Fayn’da yepyeni bir köşe başlıyor. Adı ‘Ahlak Bekçisi’.
Bakmayın adına. Ahlak bekçiliği kimsenin haddi değil. Çünkü ahlaki değerler hem kimsenin tekelinde olamayacak kadar toplumsal, hem de herkesin tercihlerine göre değişebilecek kadar bireysel.
Kendi içinde çelişen bir cümle kurdum gibi duruyor ama inanın öyle değil. Çelişik değil de karışık diyelim. Zaten insana ve eylemlerine dair hangi kavram karışık, karmaşık hatta çapraşık değil ki?
Bu yazının esas amacı, ‘Ahlak Bekçisi’ köşesinde neler yapacağımızı anlatmak ama gelin önce şu karmaşayı çözmeyi deneyelim.
En baştan söyleyeyim, hiç kolay bir iş değil. Matematik ya da geometri değil ki bu; değişmez evrensel kurallara bağlı olsun, her problemin sadece bir doğru yanıtı olsun. 7+8=15’tir ve bu tartışmaya açık değildir. Ya da üçgenin iç açılarının toplamı 180 derecedir ve bu kural evrenin neresine giderseniz gidin, tarihte hangi döneme bakarsanız bakın değişmez, hiç kimse de değiştiremez.

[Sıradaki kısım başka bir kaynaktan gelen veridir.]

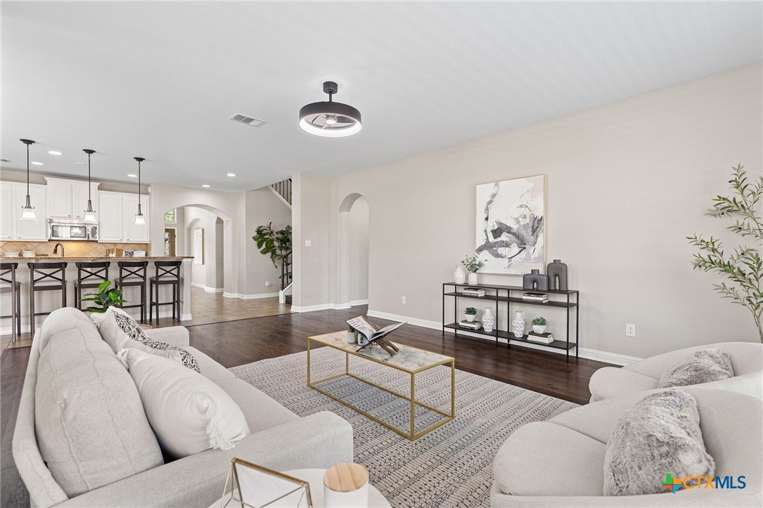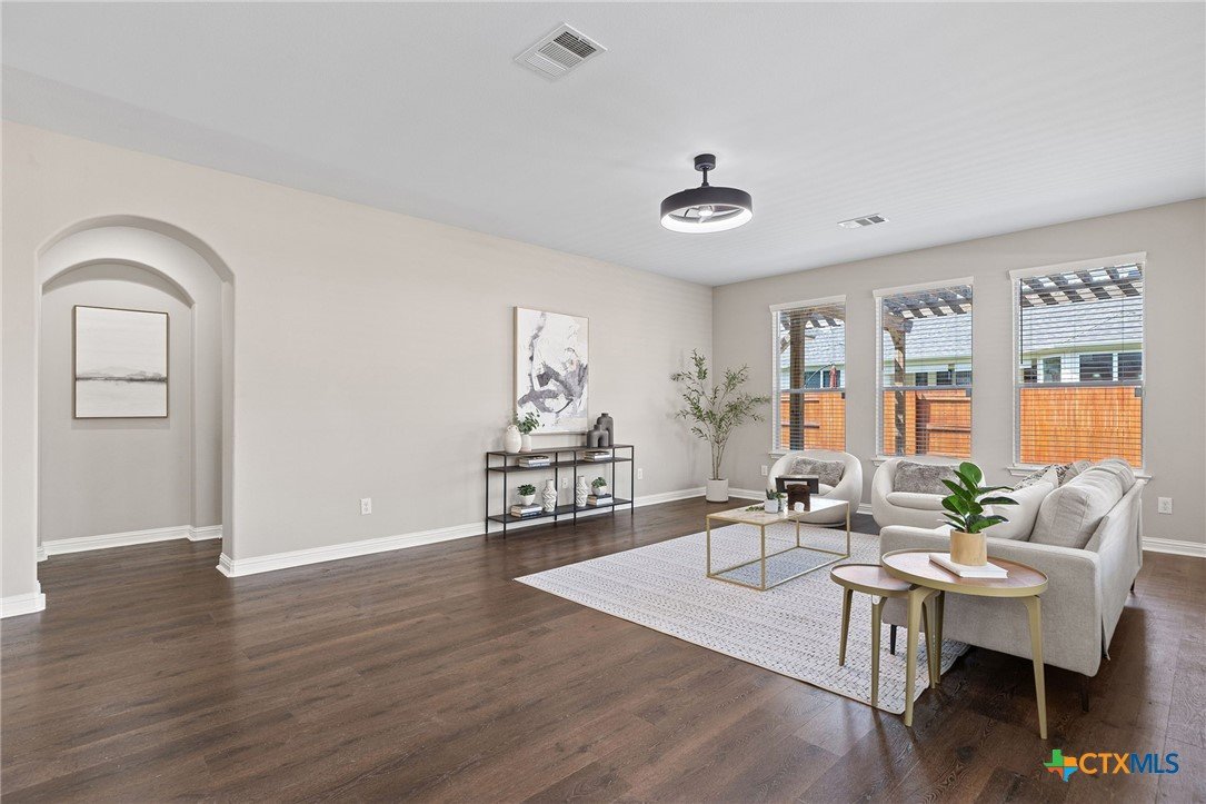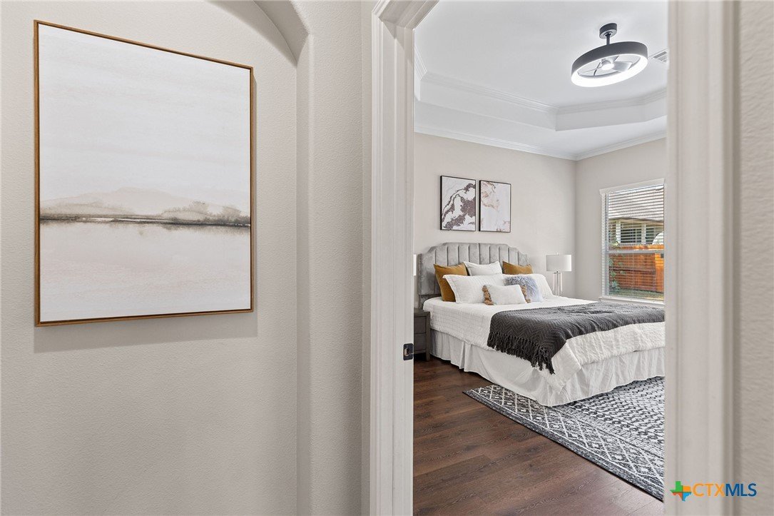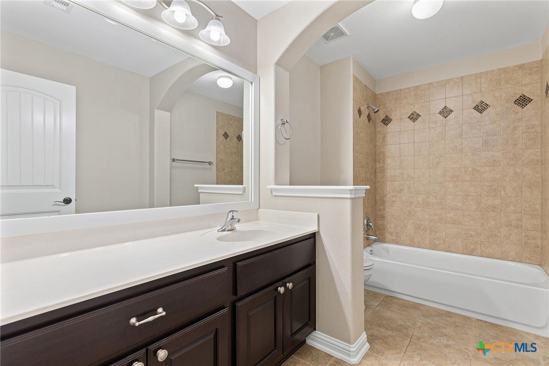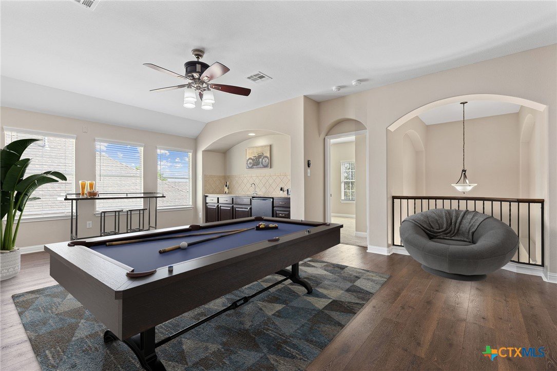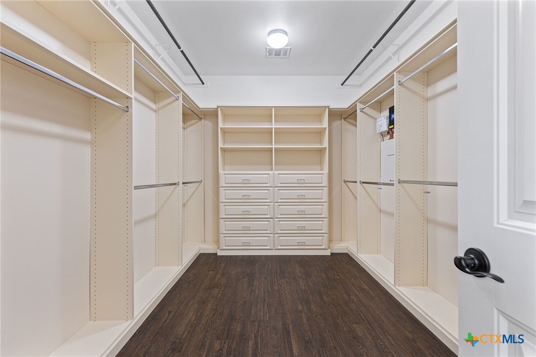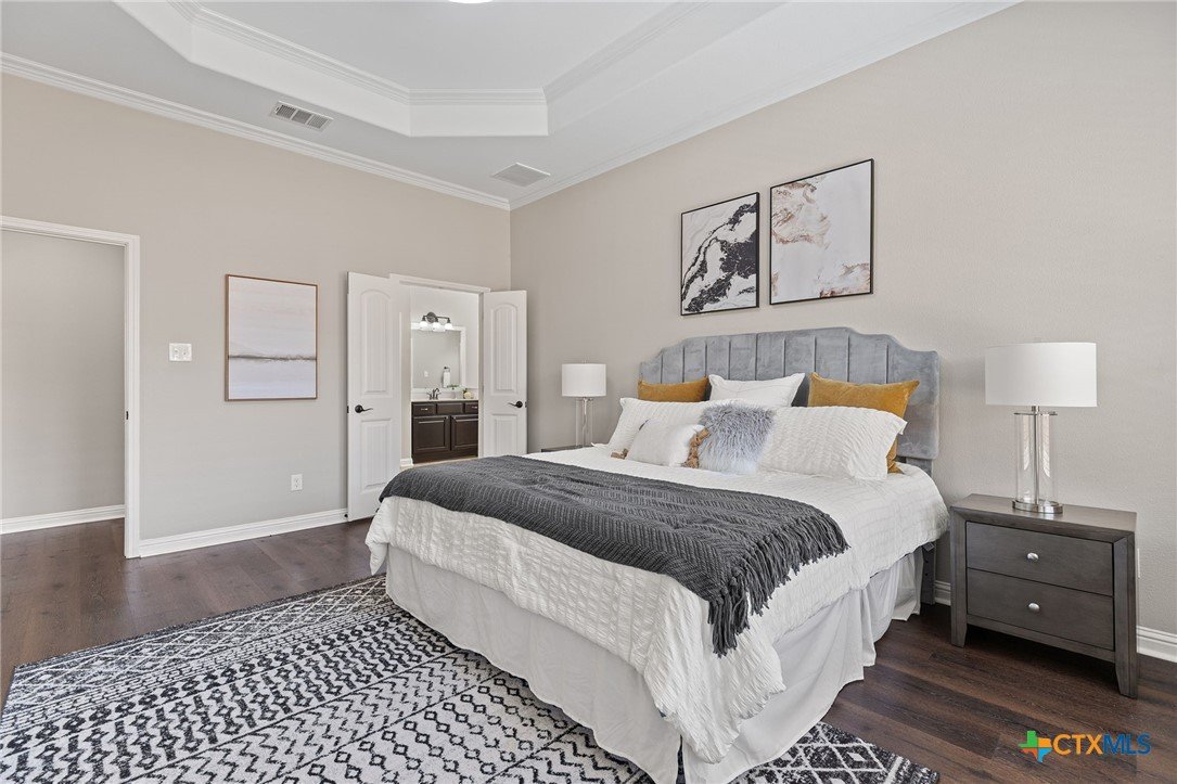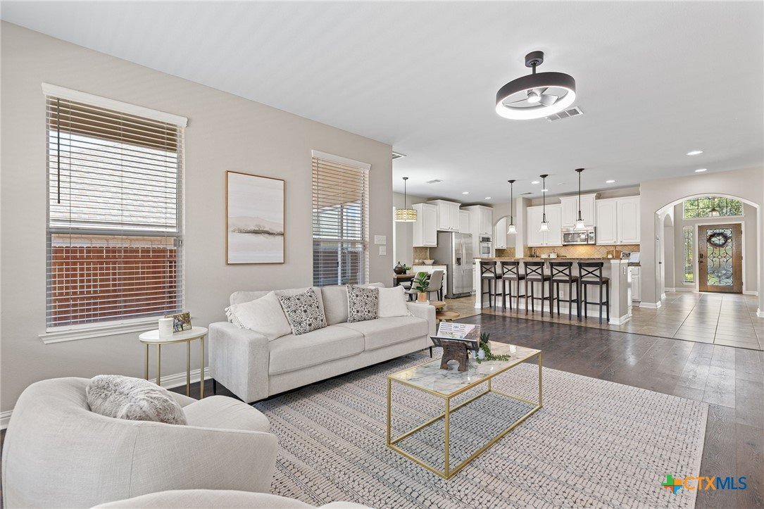 Your stunning executive-style home welcomes you with its elegant features and spacious layout. As you enter, you are greeted by the inviting front flex room, perfect for a dining room or office space. The great room offers a backyard view, complete with an extended pergola covering an extra-large patio space, which is excellent for outdoor relaxation and entertaining. The kitchen is a chef's delight, boasting beautiful ivory cabinets, a double oven for culinary convenience, a generous breakfast bar for casual dining, and built-in stainless-steel appliances that add a modern touch. Additional amenities include a butler's pantry for seamless entertaining and a large walk-in pantry for ample storage space. The primary suite is a true retreat, with a spa-like bath featuring a huge walk-in closet with built-in cabinetry, ensuring ample storage and an oversized shower. Also, downstairs is a second bedroom and complete bathroom that offer added convenience for guests. Upstairs is a spacious game room with newly installed luxury vinyl plank flooring that provides plenty of space for recreational activities. There are three freshly carpeted bedrooms and two bathrooms. One of the second-floor bedrooms is large enough to function as a second primary bedroom or media room for multigenerational living needs. A fourth bedroom with beautiful wood floors can double as an elegant office. Overall, this home combines functional flexibility with elegance, offering multiple living spaces and luxurious amenities catering to daily living and entertaining guests. Less than a one-minute drive to lakeside amenities: fishing pond, pickleball court, two parks/playgrounds, splash pad, bi-level pool, community center, and trailhead to nearly five miles of trails around the lake & creek. Less than a 10-minute drive to Toll Road 130 with further easy access to Toll Road 45 and I-35, and less than 15 minutes from shopping and dining in the University Oaks and Hutto areas!

Ama ahlak öyle değil işte.
Ahlaki değerler toplumdan topluma, zamandan zamana hatta kişiden kişiye değişebiliyor. Öyle ya… Bir Fransızla bir Türkün değerleri ya da bir Rusla bir Japonunki aynı mı? 18. yy’da yaşamış bir Amerikalıyla bugünkü Amerikalı aynı değerlerle mi yaşıyor? Peki sizin ahlaki değerlerinizle yan komşunuzunkiler ne kadar örtüşüyor? Karmaşayı çözelim dedik ama iyice karıştı ortalık değil mi? Bir dakika… Valla toparlayacağım.